In vivo demonstration of mechanism leading to pancreatic fibrosis by penicillin G. Mice were injected with SB431542, an inhibitor of the TGF-β1 receptor intraperitoneally, followed by an intra-pancreatic injection of penicillin G. (A) Western blot analysis showing the expression of fibrosis-related markers in the mouse pancreas.

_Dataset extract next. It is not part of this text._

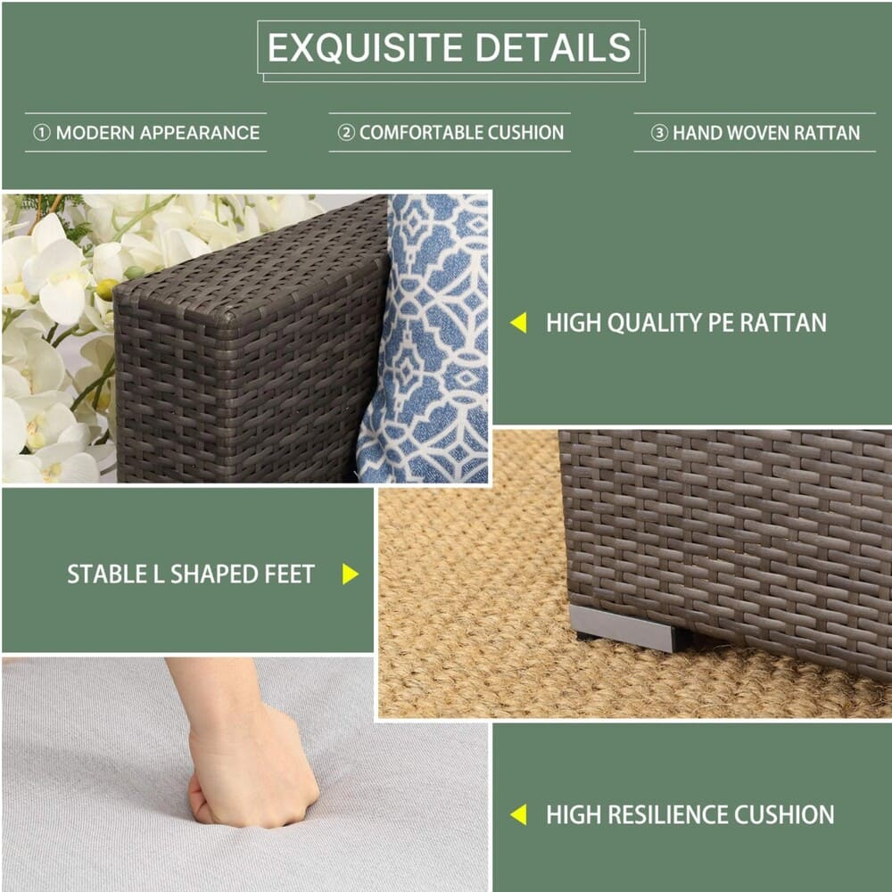 • Create an instant cozy outdoor retreat with this compact 2-piece wicker patio conversation set – featuring one armless sofa and one matching coffee table with tempered glass top. Perfectly sized for small patios, balconies, decks, or poolside nooks. Built on a rust-proof galvanized steel frame and hand-woven with premium UV-resistant PE rattan, this all-weather set stays beautiful year-round without cracking, fading, or peeling.

Pretreatment with SB431542 in mice injected with intrapancreatic penicillin G significantly reduced the expression of fibrosis-related markers, such as TGF-β1, p-SMAD, collagen, MMP2, and TIMP1, in comparison with mice without the pretreatment (p < 0.05). (B) Measurement of pancreatic hardness. Pretreatment of SB431542 significantly abrogated the pancreatic hardening capacity by penicillin G in the mouse pancreas. (C) Measurement of SHC of the pancreas. Pretreatment of SB431542 significantly abrogated the enhanced SHC induced by penicillin G in the mouse pancreas. Values are presented as mean ± standard deviation of three independent experiments. * p < 0.05. Abbreviations: Ct, control; MMP-2, metalloproteinases-2; p-SMAD2, phosphorylated Smad2; SHC, suture holding capacity; TGF-β1, transforming growth factor-β1; TIMP-1, tissue inhibitor of metalloproteinases-1.